Friday, June 19, 2026

The House v. NCAA Settlement Probably Won’t Kill NIL Collectives

  • The House v. NCAA settlement proposal would put unprecedented restrictions on name, image, and likeness collective deals.
  • Industry stakeholders tell FOS they believe the restrictions themselves would lead to more lawsuits.
Tennessee's Christian Moore (1) doesn't like the strike call while batting during a NCAA College World Series game between Tennessee and Florida State at Charles Schwab Field in Omaha, Neb., on Wednesday, June 19, 2024.
Brianna Paciorka/News Sentinel

The biggest headline coming out of the settlement proposal for the House v.

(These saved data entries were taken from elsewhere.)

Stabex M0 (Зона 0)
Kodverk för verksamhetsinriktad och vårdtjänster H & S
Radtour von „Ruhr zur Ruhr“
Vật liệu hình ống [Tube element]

NCAA class action lawsuit over name, image, and likeness rights is the potential for a revenue-sharing agreement between schools and players. 

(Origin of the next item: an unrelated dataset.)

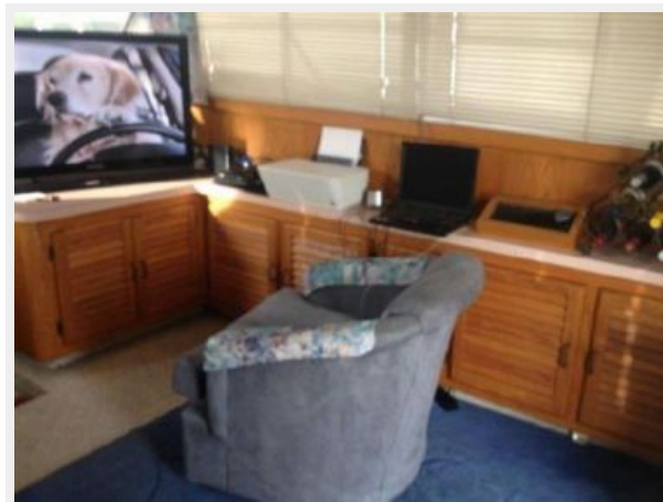
37' Silverton salon starboard

But the 300-page proposal also includes an entire section that would hand unprecedented control over name, image, and likeness deals to the NCAA. The goal: to weed out NIL deals considered “pay-for-play,” where NIL collectives and boosters offer astronomical sums in exchange for miniscule marketing activities. 

Experts and industry stakeholders, however, tell Front Office Sports they don’t believe the settlement’s new NIL restrictions will hold up. 

Here’s what the settlement is proposing:

  • Boosters and collectives would be able to only offer deals to athletes that reflect an athlete’s “fair market value.” The definition: “a valid business purpose related to the promotion or endorsement of goods or services provided to the general public for profit, with compensation at rates and terms commensurate with compensation paid to similarly situated individuals with comparable NIL value who are not current or prospective student-athletes at the Member Institution.”
  • To police this, the NCAA would set up a third-party clearinghouse, the NCAA would require every Division I athlete to submit potential NIL deals that are more than $600 for approval.
  • Athletic departments would also be allowed to bring their NIL collectives in-house, to act as athletic department employees procuring deals for players. In this scenario, departments could more strictly control the actions of their collectives—and they could be subject to more regulations, like the Title IX gender equity statute.

But experts and industry stakeholders tell FOS they’re doubtful the NCAA would be as successful as it hopes in stunting collectives—or killing them altogether. Some collective operators have said they expect some of these terms to be changed during the court of the settlement approval process. 

But even if those terms stay the same, the NCAA may not get the control it seeks.

The clearinghouse, for one, may create more problems than solutions. Who will be tapped to oversee it? Which entities could legitimately decide the “fair market value” of an athlete? Will this create a new set of legal scrutiny for the NCAA, which has been attacked in court for trying to police NIL deals?

“The NCAA is again restricting an athlete’s ability to fully monetize himself,” James Clawson, cofounder of Tennessee NIL collective The Volunteer Club, tells FOS. “I think that’s just going to open up more lawsuits.”

Lawyers seem to agree. The terms of the settlement—especially the ones that look like they would normally be negotiated through a collective bargaining agreement—could be challenged in court, according to sports attorney and New York Law School professor Dan Lust. “Short of players having representation at the table, as much as [the House settlement] might be an endeavor that’s a step in the right direction … you’re still acting in some way that could be viewed as anticompetitive.” 

Technically, the athletes who sign on to the settlement won’t be able to sue, according to sports attorney Mit Winter. But the brands and collectives offering most of the deals could. They’re not signing on to any of the NCAA’s NIL restrictions. “If you’re a third party, this settlement has zero binding effect on you at all,” he says.

The clearinghouse isn’t just a problem for athletes and collectives. Lust also agrees brands could have concerns about handing over their contracts, which often include confidential terms, to a third-party arbitrator. After all, there’s no clearinghouse for NBA, NFL, or MLB player sponsorships.

It’s unlikely the NCAA will be able to police collectives by enticing them to join athletic departments, either. Collectives want the freedom to to work with the departments they support, rather than under them. And schools don’t want the liabilities that come with bringing a collective into an athletic department, subjecting it to all the rules and regulations already complicating college sports. “I have not spoken to any athletic director or any deputy athletic director that wants an ‘in-house’ solution,” Russell White, president of The Collective Association, tells FOS.

Either way, the NCAA still faces an uphill battle in taking control of the landscape. “There are some positive things in the settlement that would be a great thing if they happen,” White says. “But by and large, I dont think it’s a great deal.”